== Activity ==
Please retype every record below exactly, leaving the pictures out.

[Stored records]
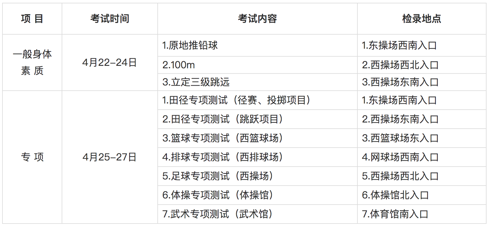 (四)測試采用分組輪換、集中測試的方式進行,4月22-24日為一般身體素質(zhì)測試,4月25-27日為專項測試,考生具體考試時間以《專業(yè)準考證》上公布為準。
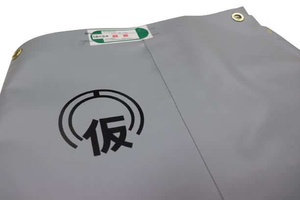 仮設工業会認定品。しなやかな風合いの塩ビコーティング生地。防音性能が高く、メンテナンスしやすい塩ビ仕様です。解体工事、建設工事などの壁面養生に。
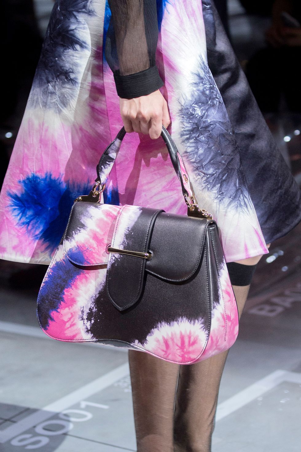 Miuccia Prada brought Swinging Sixties whimsy to her otherwise prim collection with vibrant tie dye prints. Lady-like leather handbags were transformed into bold statement pieces with whirls of bright pink and deep blue.
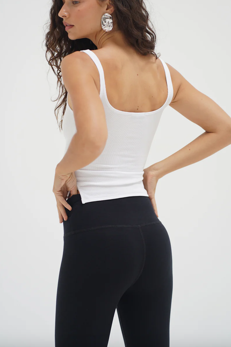 The LNA Essential Ribbed Scoop Tank is perfect for tossing on with jeans or layering. This tank fits close to the body and is made in our 2x1 rib fabric. The neckline is cut in a flattering on everyone, slightly squared scoop. Small side slights on each side add to this tanks great fit.
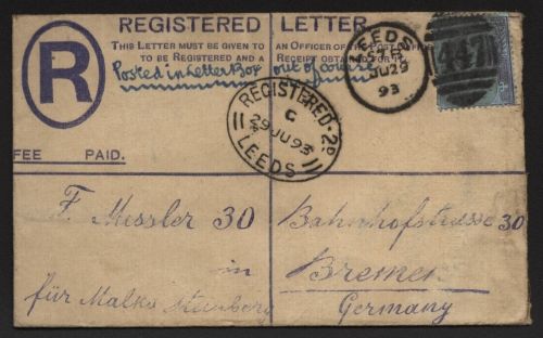1892 Großbritannien. Vereinfachter Vordruck "REGISTERED LETTER" EU 15A mit Gebührentafel, Format 133x83 mm, zusätzlich Mi.Nr. 89 , 2 1/2 Penny, ab "LEEDS Ju 29.93 nach Bremen, Deutschland.
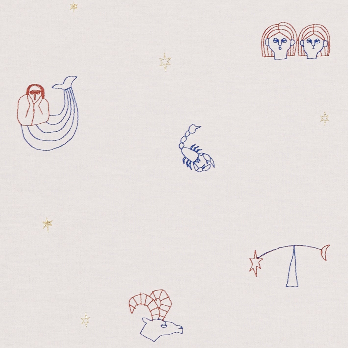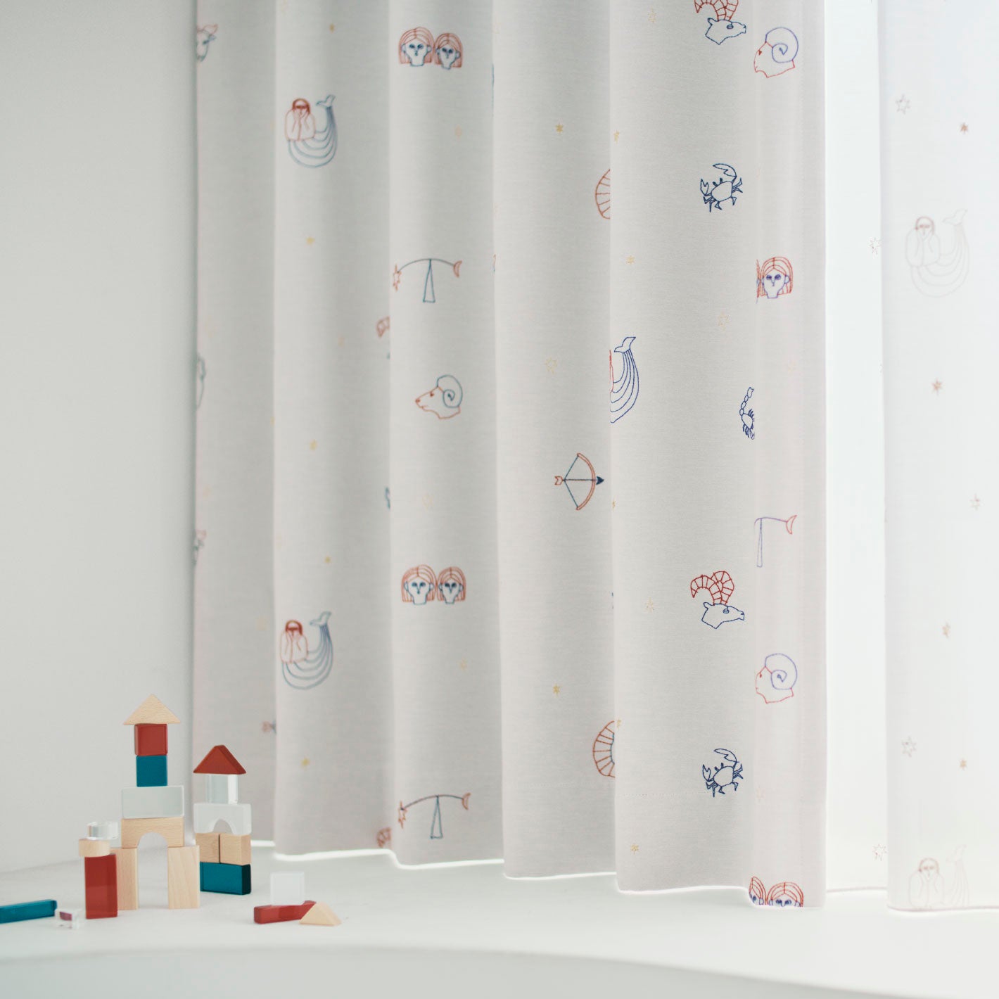12星座や星のイラストを刺繍で表現した、遊び心のある遮光カーテン。
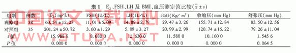 1.1 对象 73例均为2002年10月至2007年10月在本院体检的健康育龄妇女,其中38例围绝经期妇女作为观察组,年龄40~55岁,平均48岁,另35例为同期在本院体检的育龄妇女为对照组,年龄25~39岁,平均32岁。73例均无内分泌疾病,无服用降压药和性激素史。?
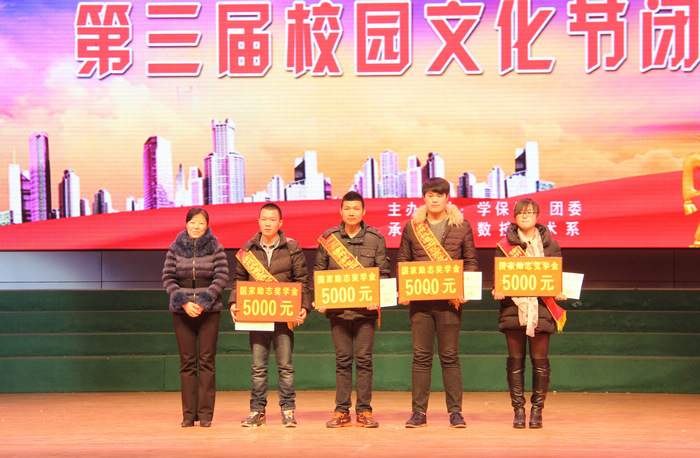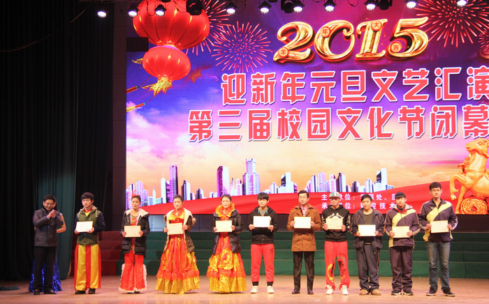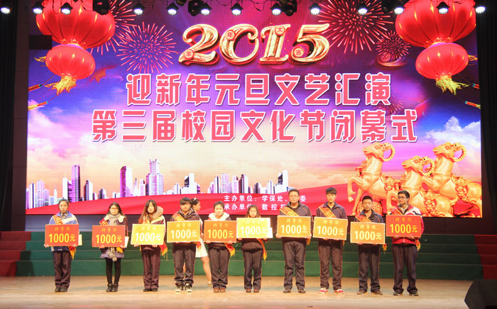 晚会还对国家励志奖学金获得者、学校特等奖学金获得者、省市三创先进集体和个人以及在校园文化节中表现突出的先进单位和优秀个人进行了表彰。

== Result of this task ==
 (四)測試采用分組輪換、集中測試的方式進行,4月22-24日為一般身體素質(zhì)測試,4月25-27日為專項測試,考生具體考試時間以《專業(yè)準考證》上公布為準。
 仮設工業会認定品。しなやかな風合いの塩ビコーティング生地。防音性能が高く、メンテナンスしやすい塩ビ仕様です。解体工事、建設工事などの壁面養生に。
 Miuccia Prada brought Swinging Sixties whimsy to her otherwise prim collection with vibrant tie dye prints. Lady-like leather handbags were transformed into bold statement pieces with whirls of bright pink and deep blue.
 The LNA Essential Ribbed Scoop Tank is perfect for tossing on with jeans or layering. This tank fits close to the body and is made in our 2x1 rib fabric. The neckline is cut in a flattering on everyone, slightly squared scoop. Small side slights on each side add to this tanks great fit.
1892 Großbritannien. Vereinfachter Vordruck "REGISTERED LETTER" EU 15A mit Gebührentafel, Format 133x83 mm, zusätzlich Mi.Nr. 89 , 2 1/2 Penny, ab "LEEDS Ju 29.93 nach Bremen, Deutschland.
12星座や星のイラストを刺繍で表現した、遊び心のある遮光カーテン。
 1.1 对象 73例均为2002年10月至2007年10月在本院体检的健康育龄妇女,其中38例围绝经期妇女作为观察组,年龄40~55岁,平均48岁,另35例为同期在本院体检的育龄妇女为对照组,年龄25~39岁,平均32岁。73例均无内分泌疾病,无服用降压药和性激素史。?
 晚会还对国家励志奖学金获得者、学校特等奖学金获得者、省市三创先进集体和个人以及在校园文化节中表现突出的先进单位和优秀个人进行了表彰。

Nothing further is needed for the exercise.